+++ Provided records +++

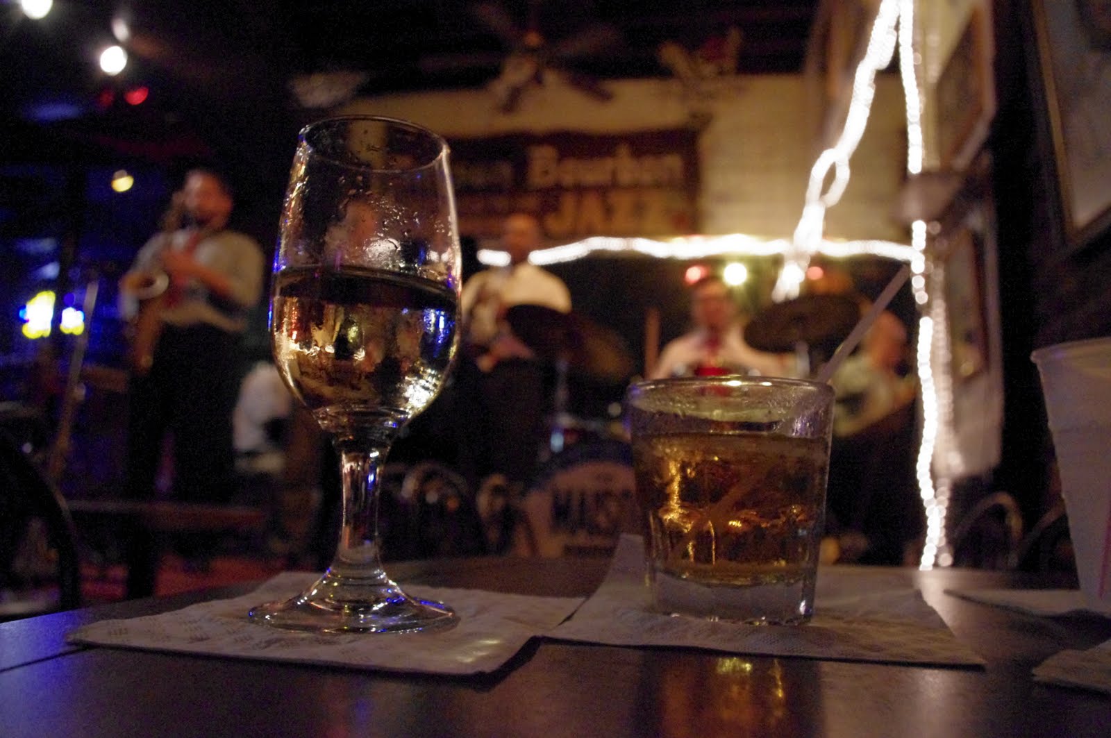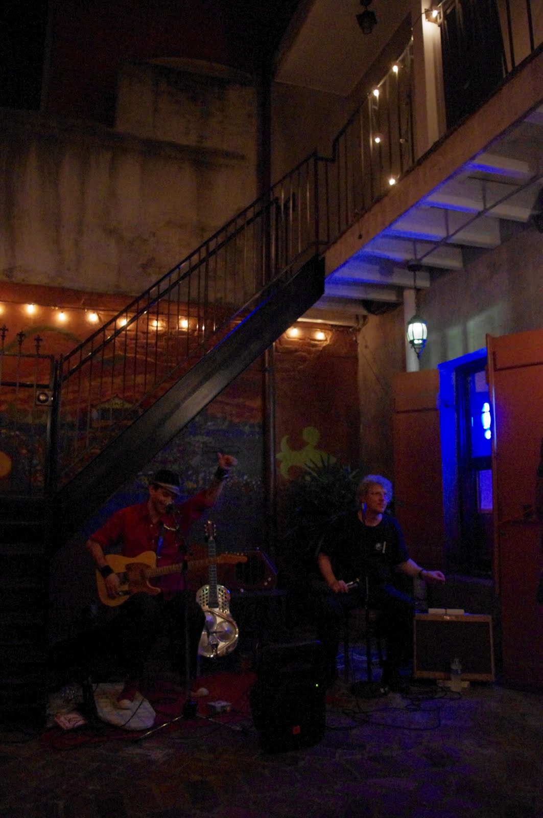 Later we were ready for some live music and some drinks so we headed up to the Maison Bourbon on Bourbon street and watched a great live jazz band. We were there early so Bourbon street was a bit quiet when we arrived. As we left the Maison the street had completely changed. We discovered that Bourbon street has an abundance of overly drunk people drinking cocktails from plastic cups shaped as grenades and small shops selling "huge ass beers" for 2 dollars... So we decided that the best way to have a good time in New Orleans is to stay off circus Bourbon street and find small bars that have live music. We headed to Frenchman's street and found some bands playing music in the streets and a great duo playing blues cover songs in the backyard of the BMC. All in all a great first day in New Orleans.
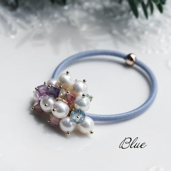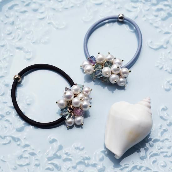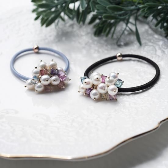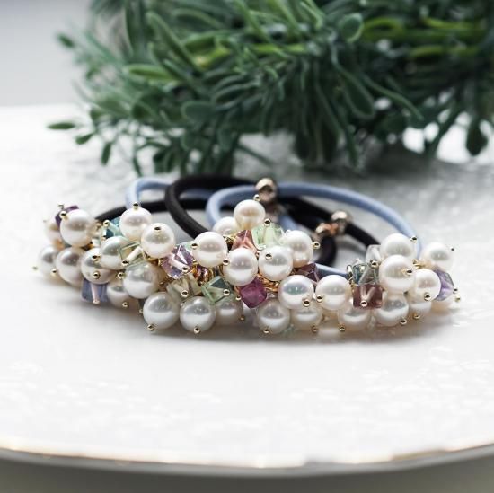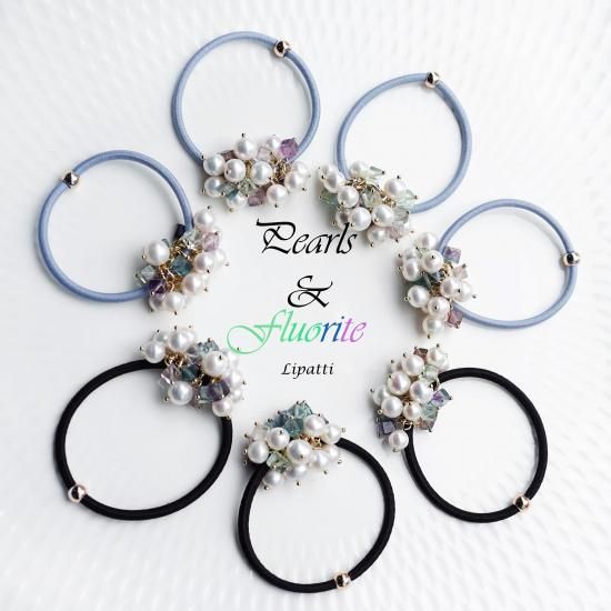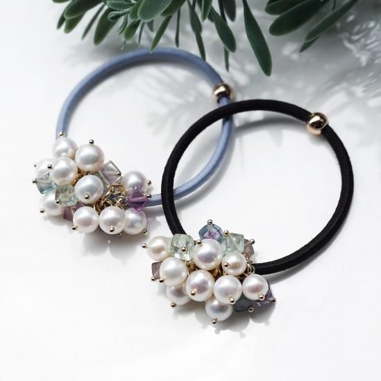 フローライトと真珠の組み合わせが、上品で柔らかな印象のヘアゴムですよね。
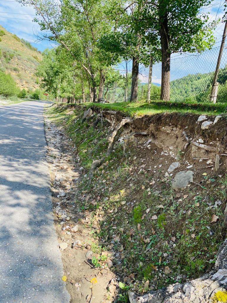 Однако в связи с тем, что дорога расположена несколько ниже аллеи, вследствие эрозии почвы и многолетних вымываний ливнями вдоль аллеи образовался стихийный обрыв высотой от полутора до трех метров. В последние годы граница обрыва сместилась в сторону аллеи так, что сегодня корни деревьев оголились. И есть большая вероятность того, что эта аллея до следующего года не сохранится, деревья попросту упадут на дорогу.
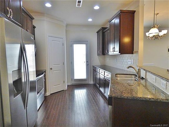 Move in ready End unit! Home has hardwood floors in great room. kitchen & breakfast area. 42 in cabinets, receessed ligting, smooth ceilings. granite counter tops, breakfast bar. SS appliances, refrigerator remains. Dining area & separate breakfast area. MASTER DOWN w/ step ceiling and crown moulding, master bath has dual sinks and walk in closet. Lots of natural lighting! Upstairs has full bath, 2 good size bedrooms w/walk in closets. Nice loft area up. Private rear backs up to natural area.
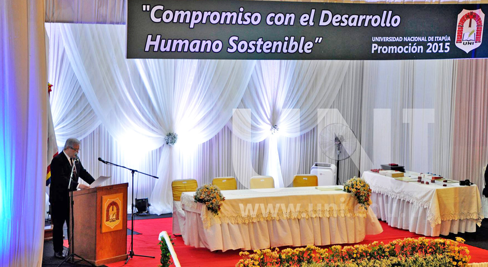En dicho contexto luego de saludar a los presentes e invitados especiales y augurar éxitos a los nuevos egresados, expresó la Universidad Nacional de Itapúa una vez más, reune para celebrar la exitosa culminación de un año lectivo, caracterizado por importantes desafíos que se viene sorteando con energía, voluntad; con la mirada puesta en aportar al mejoramiento de la calidad de vida individual y colectiva de nuestros conciudadanos.
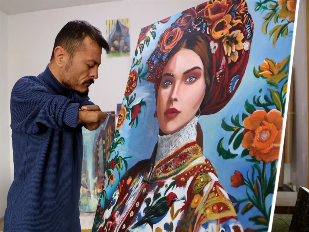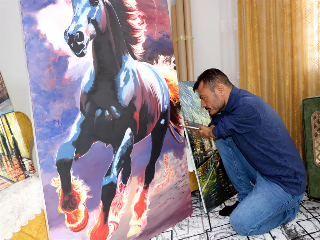 Dirsekleriyle çizdiği resimlerle hayata tutundu, siparişlere yetişemiyor
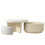 The Iris Coffee Table Set brings both style and functionality to your living space. Designed with modern living in mind, it includes a central coffee table paired with two matching stools offering seating, storage, and versatility in one elegant set. The coffee table features a combination of open storage and a smooth drawer compartment, helping you keep your space neat and organized. Crafted from durable MDF with a sleek marble finish, the Iris set blends contemporary elegance with everyday practicality, making it a perfect addition to modern homes.
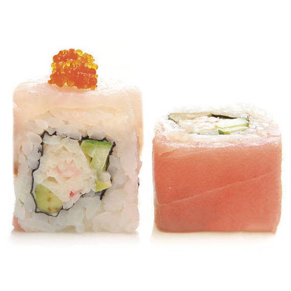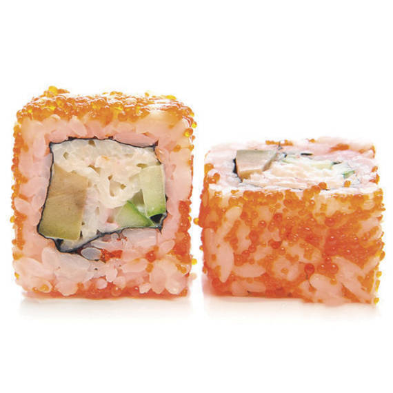Лосось, тунец, окунь, креветка, осьминог, снежный краб, огурец, авокадо, тобико красная
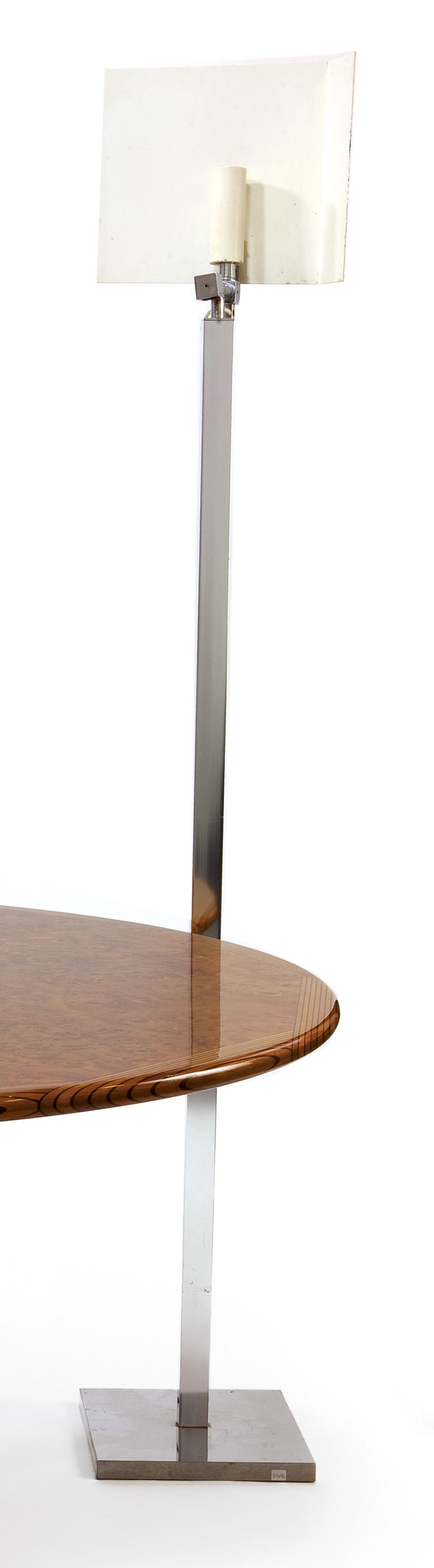 BROTTO ANGELO Guy Lampada a piantana con paralume orientabile in alluminio e cromo. Prod. Esperia, 1970 circa. h cm 170,5 Si ringrazia la ditta Esperia per le informazioni fornite.
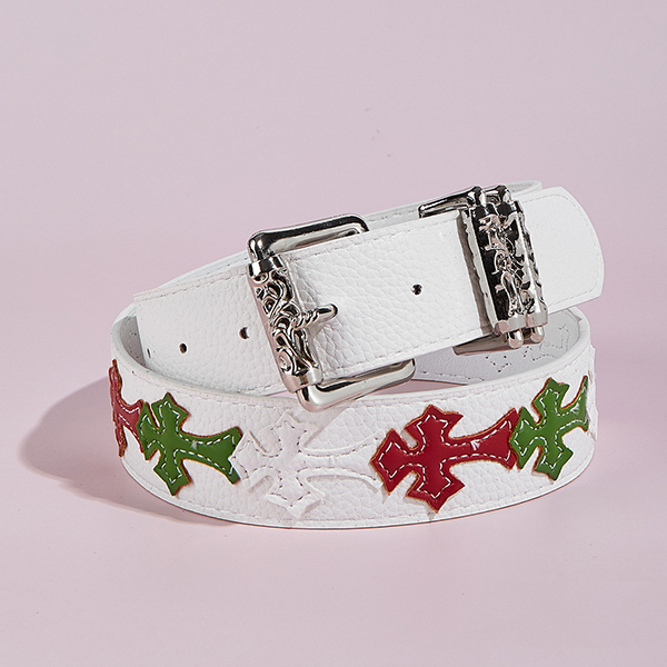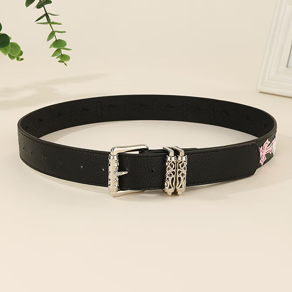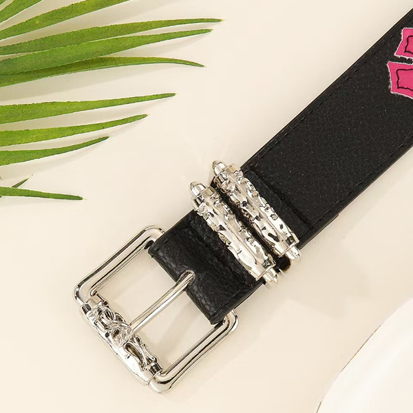 Släpp lös din inre rebell: Y2K-bältet med korsmönster Ge din outfit en rejäl dos attityd med detta punkinspirerade konstläderbälte. Bältet kanaliserar det bästa från tidigt 2000-tal, grunge och modern e-girl-estetik och har en slående rad sydda korsapplikationer i nyanser av starkt rosa, mjukt rosa, vitt och brunt. Den texturerade svarta remmen avslutas med ett kraftigt, utsmyckat silverspänne med invecklad gravyr, vilket ger en högkvalitativ vintagekänsla. Det är det perfekta uttalandeplagget för att bryta upp en monokrom look eller fullända en djärv streetwear-ensemble.

+++

▸ Goal of the exercise
Pictures are to be left out when the lines from the one containing "Лосось, тунец, окунь, креветка, осьминог, снежный" through the end of the records above are repeated exactly; no other line is wanted.

▸ Solution below
Лосось, тунец, окунь, креветка, осьминог, снежный краб, огурец, авокадо, тобико красная
 BROTTO ANGELO Guy Lampada a piantana con paralume orientabile in alluminio e cromo. Prod. Esperia, 1970 circa. h cm 170,5 Si ringrazia la ditta Esperia per le informazioni fornite.
 Släpp lös din inre rebell: Y2K-bältet med korsmönster Ge din outfit en rejäl dos attityd med detta punkinspirerade konstläderbälte. Bältet kanaliserar det bästa från tidigt 2000-tal, grunge och modern e-girl-estetik och har en slående rad sydda korsapplikationer i nyanser av starkt rosa, mjukt rosa, vitt och brunt. Den texturerade svarta remmen avslutas med ett kraftigt, utsmyckat silverspänne med invecklad gravyr, vilket ger en högkvalitativ vintagekänsla. Det är det perfekta uttalandeplagget för att bryta upp en monokrom look eller fullända en djärv streetwear-ensemble.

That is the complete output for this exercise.